### EXERCISE PROMPT
Write out every line of the material as it stands, apart from the pictures.

### PROVIDED MATERIAL
☆ ☆ ☆

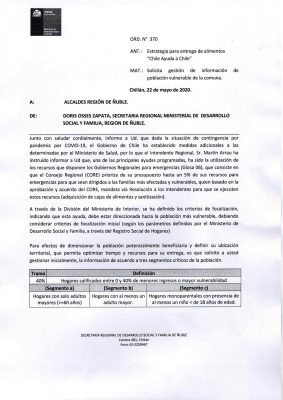 1. Que el día de ayer viernes pasada las 20.00 HRS. se recibe Ordinario N° 370 por parte de la Intendencia Regional de Ñuble solicitando información segmentada de la población vulnerable de la Comuna. para la entrega de canastas familiares.
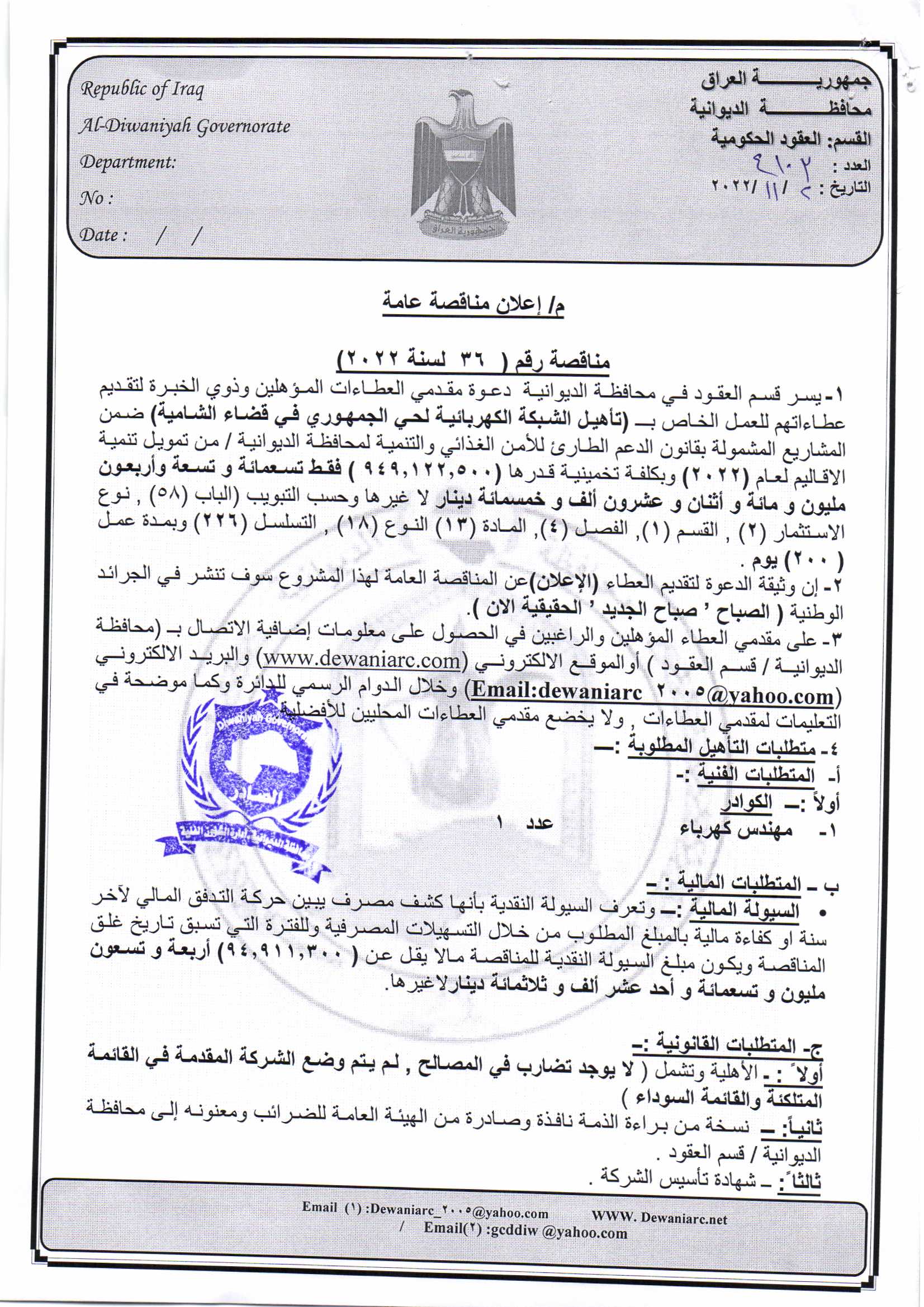 ﴿ إعلان مناقصة (36) لسنة 2022
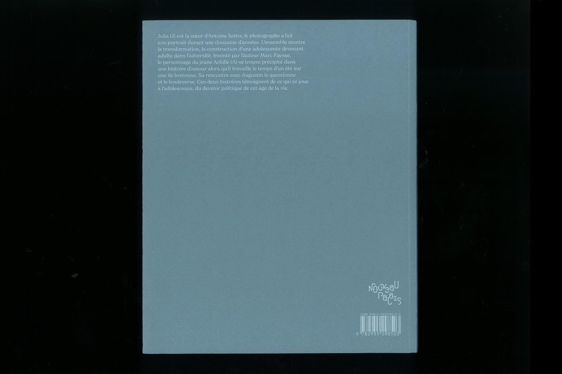 Antoine Seiter est né dans un village du Loir-et-Cher. Pendant ses études, il revient régulièrement chez ses parents et commence à photographier sa sœur cadette, Julia (J). Le projet, débuté en 2008 se poursuit encore aujourd'hui. Ce livre imprime une étape, une douzaine d'années témoignant de l'enfance, l'adolescence et du passage à l'âge adulte de sa sœur. La séquence est marquée par un accident, les changements du corps et le travail. Elle témoigne surtout de la relation entre le photographe et sa sœur. Ce face à face nous dévoile les multiples facettes de son visage, l'ouvert et le fermé. C’est à dire la capacité du visage à se connaître, reconnaître et dialoguer avec l'autre.

☆ ☆ ☆

### RESULT OF THE TASK
 1. Que el día de ayer viernes pasada las 20.00 HRS. se recibe Ordinario N° 370 por parte de la Intendencia Regional de Ñuble solicitando información segmentada de la población vulnerable de la Comuna. para la entrega de canastas familiares.
 ﴿ إعلان مناقصة (36) لسنة 2022
 Antoine Seiter est né dans un village du Loir-et-Cher. Pendant ses études, il revient régulièrement chez ses parents et commence à photographier sa sœur cadette, Julia (J). Le projet, débuté en 2008 se poursuit encore aujourd'hui. Ce livre imprime une étape, une douzaine d'années témoignant de l'enfance, l'adolescence et du passage à l'âge adulte de sa sœur. La séquence est marquée par un accident, les changements du corps et le travail. Elle témoigne surtout de la relation entre le photographe et sa sœur. Ce face à face nous dévoile les multiples facettes de son visage, l'ouvert et le fermé. C’est à dire la capacité du visage à se connaître, reconnaître et dialoguer avec l'autre.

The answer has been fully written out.